Similar psychological pressure to deny the dark side of the self occurs in politics and international relations. Richard Hofstadter, in his classic essay, “The Paranoid Style in American Politics,” describes a mode of social behaviour motivated by “social conflicts that involve ultimate schemes of values and that bring fundamental fears and hatreds, rather than negotiable interests, into political action.” The fear of the other is a projection of unresolved fears lurking within the fragmented self.

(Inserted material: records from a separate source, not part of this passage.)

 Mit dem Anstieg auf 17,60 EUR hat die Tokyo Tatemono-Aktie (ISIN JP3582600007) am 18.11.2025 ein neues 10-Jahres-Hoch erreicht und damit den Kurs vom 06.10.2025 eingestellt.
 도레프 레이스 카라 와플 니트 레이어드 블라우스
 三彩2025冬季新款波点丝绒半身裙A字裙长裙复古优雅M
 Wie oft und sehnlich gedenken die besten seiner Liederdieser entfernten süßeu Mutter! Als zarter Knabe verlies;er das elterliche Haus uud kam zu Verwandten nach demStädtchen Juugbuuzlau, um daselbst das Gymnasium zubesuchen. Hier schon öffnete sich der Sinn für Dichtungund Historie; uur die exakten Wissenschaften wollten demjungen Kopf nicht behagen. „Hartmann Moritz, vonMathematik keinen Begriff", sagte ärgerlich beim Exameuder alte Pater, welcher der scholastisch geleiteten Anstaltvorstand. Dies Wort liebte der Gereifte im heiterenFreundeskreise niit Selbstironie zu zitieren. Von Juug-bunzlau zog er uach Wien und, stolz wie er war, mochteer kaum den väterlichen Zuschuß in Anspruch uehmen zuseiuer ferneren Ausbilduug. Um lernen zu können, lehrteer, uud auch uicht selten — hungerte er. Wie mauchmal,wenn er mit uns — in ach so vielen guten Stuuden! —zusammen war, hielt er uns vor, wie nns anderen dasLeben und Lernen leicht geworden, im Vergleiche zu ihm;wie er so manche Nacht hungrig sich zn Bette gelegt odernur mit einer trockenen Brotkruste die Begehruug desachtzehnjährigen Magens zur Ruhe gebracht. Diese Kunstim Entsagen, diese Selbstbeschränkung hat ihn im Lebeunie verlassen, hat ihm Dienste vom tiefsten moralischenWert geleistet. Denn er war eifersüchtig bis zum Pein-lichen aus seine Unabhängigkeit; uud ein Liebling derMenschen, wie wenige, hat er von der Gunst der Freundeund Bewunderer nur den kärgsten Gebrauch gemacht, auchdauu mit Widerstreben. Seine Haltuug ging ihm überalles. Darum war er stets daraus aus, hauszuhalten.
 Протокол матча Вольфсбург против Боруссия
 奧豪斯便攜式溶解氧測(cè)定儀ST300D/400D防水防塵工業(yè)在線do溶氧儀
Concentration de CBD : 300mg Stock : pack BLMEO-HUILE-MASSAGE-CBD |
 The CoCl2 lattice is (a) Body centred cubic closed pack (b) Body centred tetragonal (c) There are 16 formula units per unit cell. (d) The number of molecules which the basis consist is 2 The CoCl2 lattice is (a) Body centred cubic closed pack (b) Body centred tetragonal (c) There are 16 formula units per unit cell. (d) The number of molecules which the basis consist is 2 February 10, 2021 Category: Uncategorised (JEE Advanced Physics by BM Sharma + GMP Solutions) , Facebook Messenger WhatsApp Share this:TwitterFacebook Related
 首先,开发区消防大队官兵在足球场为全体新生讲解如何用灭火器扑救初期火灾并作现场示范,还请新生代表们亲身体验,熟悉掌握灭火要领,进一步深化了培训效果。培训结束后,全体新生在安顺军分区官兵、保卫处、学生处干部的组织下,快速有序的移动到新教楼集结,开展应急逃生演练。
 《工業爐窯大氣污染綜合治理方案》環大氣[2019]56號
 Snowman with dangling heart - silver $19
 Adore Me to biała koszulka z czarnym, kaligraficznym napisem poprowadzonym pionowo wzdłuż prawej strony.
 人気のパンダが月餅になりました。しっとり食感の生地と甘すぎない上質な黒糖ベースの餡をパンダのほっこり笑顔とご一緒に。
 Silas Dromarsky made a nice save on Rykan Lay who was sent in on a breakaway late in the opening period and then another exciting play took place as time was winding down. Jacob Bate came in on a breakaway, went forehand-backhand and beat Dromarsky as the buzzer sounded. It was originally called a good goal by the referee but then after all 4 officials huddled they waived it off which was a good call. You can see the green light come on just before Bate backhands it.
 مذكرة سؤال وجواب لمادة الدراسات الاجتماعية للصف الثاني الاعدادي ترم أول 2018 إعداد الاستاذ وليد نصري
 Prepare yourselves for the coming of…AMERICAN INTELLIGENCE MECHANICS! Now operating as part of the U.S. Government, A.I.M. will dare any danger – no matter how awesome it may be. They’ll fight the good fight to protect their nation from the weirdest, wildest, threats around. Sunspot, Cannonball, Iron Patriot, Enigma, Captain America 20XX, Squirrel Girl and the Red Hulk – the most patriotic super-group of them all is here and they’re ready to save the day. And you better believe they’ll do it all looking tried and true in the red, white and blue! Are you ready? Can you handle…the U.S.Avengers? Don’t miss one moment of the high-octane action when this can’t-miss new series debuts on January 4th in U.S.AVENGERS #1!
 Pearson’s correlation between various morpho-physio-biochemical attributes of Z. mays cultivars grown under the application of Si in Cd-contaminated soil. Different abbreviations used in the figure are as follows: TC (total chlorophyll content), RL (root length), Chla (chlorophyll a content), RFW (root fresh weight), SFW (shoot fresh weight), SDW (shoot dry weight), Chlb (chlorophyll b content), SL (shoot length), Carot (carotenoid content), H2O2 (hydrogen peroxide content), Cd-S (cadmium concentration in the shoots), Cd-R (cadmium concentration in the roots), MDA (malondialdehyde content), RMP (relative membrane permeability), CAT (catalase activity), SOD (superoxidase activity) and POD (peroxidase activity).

But the image of Christ in scripture is the image of the one who is “not put off by the affliction of the afflicted” (Psalm 22.24), who was “numbered among the transgressors” (Isaiah 53.12), who was made by God “to be sin” (2 Cor 5.21), who “emptied himself, taking the form of a slave” (Philippians 2.7). The very doctrine of incarnation that is described as the descent of God into our humanity is, in ordinary human experience, the acknowledgement of the wholeness of one’s own humanity as it is described in these references, an acknowledgement that, in the process of individuation, is not at all easy to make but is the very heart of the journey described here as “the Way”. This is the incarnational journey Paul calls us to make when, in Philippians 2, he challenges us to have the mind of Christ and do what he did in embracing the life of the condemned as his own. I would say the mystery of the incarnation is something very like the mystery of individuation, the challenge to become a whole person.
Doesn’t it add immense significance to this teaching about discipleship, by the way, that it is presented in the context of anticipating the death of Jesus as their leader? The significance is twofold. In the first place, in this journey toward integration we call “the Way” death and life cease to be opposites but become integrated in the person who learns how to live by “emptying” himself in this way (Philippians 2.7 again). The Gospel of John plays with this paradox of death as life in the ambiguity of the phrase “lifted up: “And I, when I am lifted up from the earth, will draw all people to myself" (John 12.32). “Lifted up” refers equally to crucifixion and exaltation.
In addition, as the gospels tell the story of a journey toward integration that takes place within religious and political conflict that closely resembles conflict experienced in the process of individuation discussed above, the end of the story intensifies the fundamental paradoxes that have operated throughout the story. Jesus is crucified between two thieves. For Jung, this can mean, on the one hand, the collapse of the ego caused by the uncontrolled irruption of the dark side of the self, or the ego's submission to a higher and more spacious part of the self that is given the final word. In either option the ego seems to be "defeated", but the one option is the story of failure and the other the story of victory. Karl Barth described the crucifixion of Jesus between two thieves as a community that defines the first church—the kind of community Jesus intended, the company he wished to keep. In the eyes of the world it looks like failure. As the trajectory of “the Way” it is victory, it creates a new world that is unlike Caesar's world, and we are invited to do what Jesus did, finding our integrity in similar community.